Becoming a new people that produces good fruit

Twenty-seventh Sunday in Ordinary Time, Cycle A

Is 5, 1-7; Phil 4,6-9; Mt 21, 33-43


Vines, plants and our precious little projects

I wonder how many of you own vineyards and vines. As for myself, I do not have any. I do not have green fingers either, let alone how much I can tend vines so that they bear good fruit. We might not all have vineyards and vines, true. But we all have our babies - by which I mean, our little projects, that we keep dearly and close to our heart as though they were our babies. We care for these projects and spend our resources on them because we want them to bear fruit, good fruit. Whether it is our relationships, our family, the house we are building, our career or our work, we dedicate a lot of time and energy to it. We want our project to be a success.

The recurrent story of the People of God

Now today's first reading and gospel, which both speak of a landowner and his vineyard remind me of yet another story that we find in a beautiful chapter from the Book of the Prophet Ezekiel. It tells the story of a king who stumbles upon a newborn child abandoned in the desert. The king is moved with pity, takes this newborn child in his care, anointing it with the finest oils and perfumes, giving it silk clothes and food. The king shares his kingdom with this child until she is of marriageable age. Yet, the young woman is ungrateful and unfaithful to the King, sells all that she would have received to people who would ultimately betray her and disrespect her and chooses to return to a life not very different from the life that she was living before being found by the king.

God's personal and concrete love for us

This young woman, like the vine in the vineyard, represents the People of God, it represents us. We too have been given so much by God: we have been loved into existence, we have been given his Son to be saved, God has spoken to us through the scriptures and we have been born into a Church. Each one of us can add his or her own ways in which God has loved us personally and in concrete ways in our life. Perhaps the birth of a child or grandchild that has bought joy to the family, a powerful retreat that you would have experienced, a liberating confession through which you realised once more God love for you.

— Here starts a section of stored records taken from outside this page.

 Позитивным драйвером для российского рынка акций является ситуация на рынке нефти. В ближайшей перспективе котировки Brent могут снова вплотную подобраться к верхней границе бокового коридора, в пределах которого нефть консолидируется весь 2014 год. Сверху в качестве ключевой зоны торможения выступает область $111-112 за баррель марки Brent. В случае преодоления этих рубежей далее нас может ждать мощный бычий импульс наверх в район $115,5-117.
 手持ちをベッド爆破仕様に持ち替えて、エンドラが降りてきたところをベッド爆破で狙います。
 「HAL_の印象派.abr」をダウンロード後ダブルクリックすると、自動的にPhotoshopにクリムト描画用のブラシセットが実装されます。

When the landowner comes, will he find any fruit?

Now today's readings make us ask ourselves, What about me, what does God find when he looks into my heart and looks for fruit there? Are there sweet grapes or sour grapes, if there is any fruit at all? I am always struck by a beautiful prayer which reminds us how much is expected from whom much has been given, and how we are not any different from so many other modern-day saints: Oscar Romero, Mother Teresa, John Paul II - after all, haven't we all been given the same Word, graced by the same Spirit and nourished at the same table? We have been forgiven by God, but do others find forgiveness in our hearts, or do they find judgement and condemnation instead? We have been loved generously and freely by God, but do our actions reflect this reality or are we stingy with our resources: with our time, with our friendships and with our sense of welcoming strangers?

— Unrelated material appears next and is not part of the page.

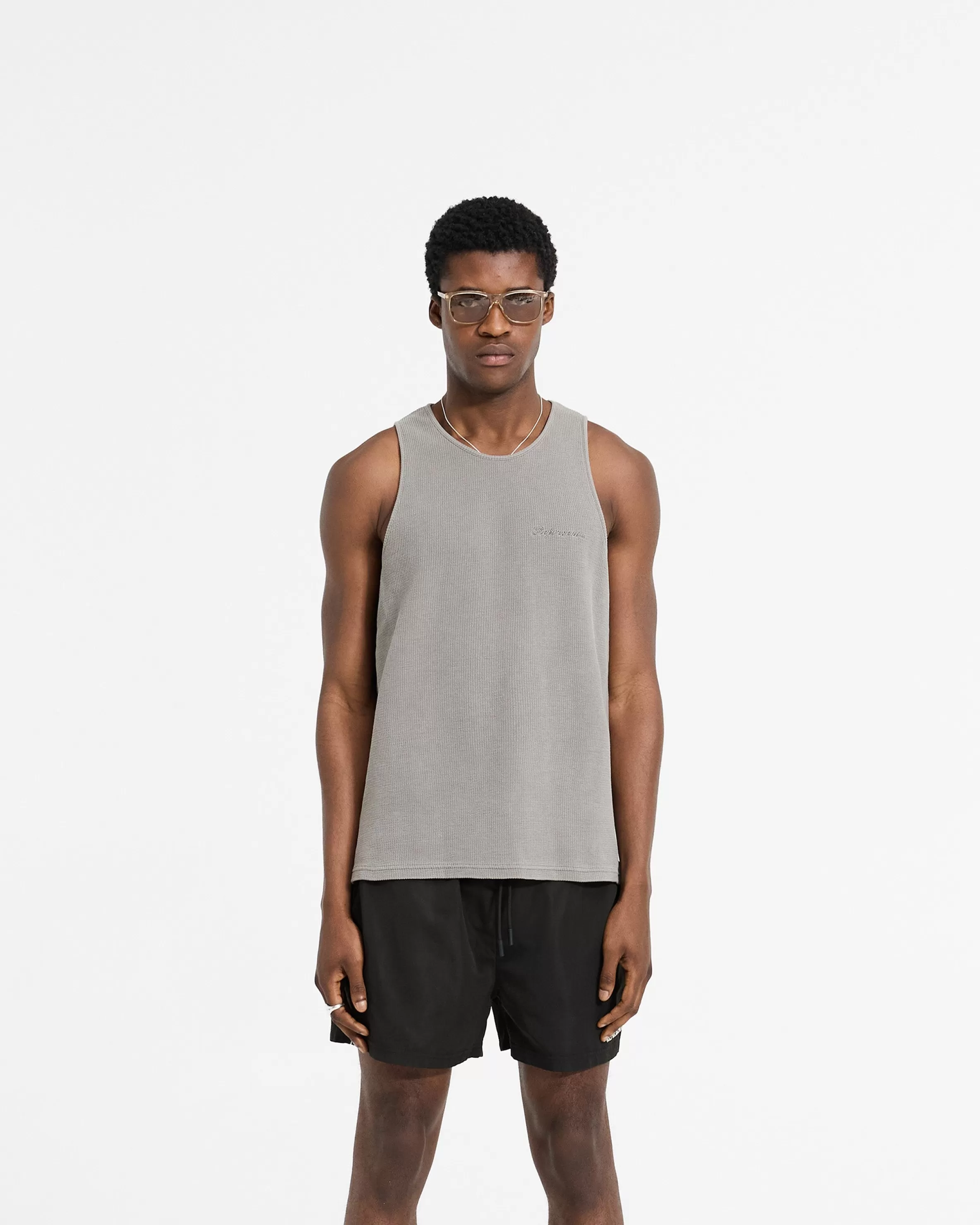 This item purchased in the Black Friday Sale is final sale and cannot be returned or exchanged. Introducing the Waffle Vest in Ultimate Grey, a regular fit vest with a mineral wash. Crafted from a luxury cotton, the waffle vest is finished with small Represent embroidery and metal bar logo to the hem. Ultimate Grey Waffle Vest Regular Fit Mineral Wash Represent Embroidery Composition: 50% Organic Cotton, 50% Polyester Waffle Jersey220gsm Care: Wash inside out at 30 degrees celsius. Hang dry only. Model is 182cm and 73kg wearing size MProduct
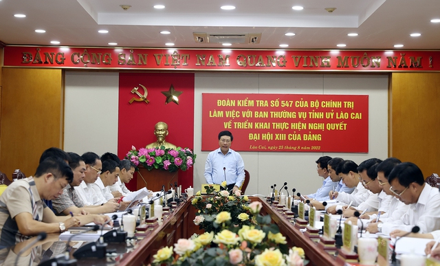 Sáng 25/8, Đoàn Kiểm tra số 547 của Bộ Chính trị làm việc với Ban Thường vụ Tỉnh ủy Lào Cai về việc triển khai thực hiện Nghị quyết Đại hội XIII của Đảng.

Jesus' listeners condemn themselves

It is interesting to note how this time it is as though Jesus is setting a trap for his listeners. They condemn those who got rid of the landowner's servants, and of the landowner's son. But then Jesus helps them realise that they are not better and that that is exactly what they are doing. And this got me thinking: how many times do I do the same thing as well buy closing the door to so many opportunities that the Lord gives me to grow and to bear fruit? How many times do I put up a "No Entry" sign in certain areas of my life, areas where Jesus just cannot enter? He is welcome all the areas of my life except those one or two areas I prefer to keep hidden from him.

The cornerstone - or rather, the keystone

But then here is where the saving power of Jesus comes in. That same rejection, which Jesus calls the "cornerstone" referring to himself builds a new people which will ultimately bear good fruit. What is this cornerstone? We can think of it at the keystone, which is that oddly-shaped stone right at the centre of any arch or bridge. It stands out from all the other stones, because it is usually of a different size, with slanting sides. In fact the builders fashion it out of the stones that they would have discarded precisely because it is unlike the other stones. Our same rejection of Jesus makes us aware of how much we need Jesus to produce good fruit. It is through his dying on the cross that we can now have life. This is what makes us a new people, whom Jesus says will now tend the vineyard and produce good and abundant fruit.

Resolution

Like the builders, we must return to the stone that we rejected, Jesus himself, and allow him to be the cornerstone, the keystone of our lives. We do not need own any vineyards or have green fingers to produce good fruit. We only need to open the doors wide for Christ and take down the no-entry signs from those corners in our lives. Then the vine planed in us will produce fruit, good fruit, sweet and abundant for us to enjoy and for the enjoyment of our brothers and sisters.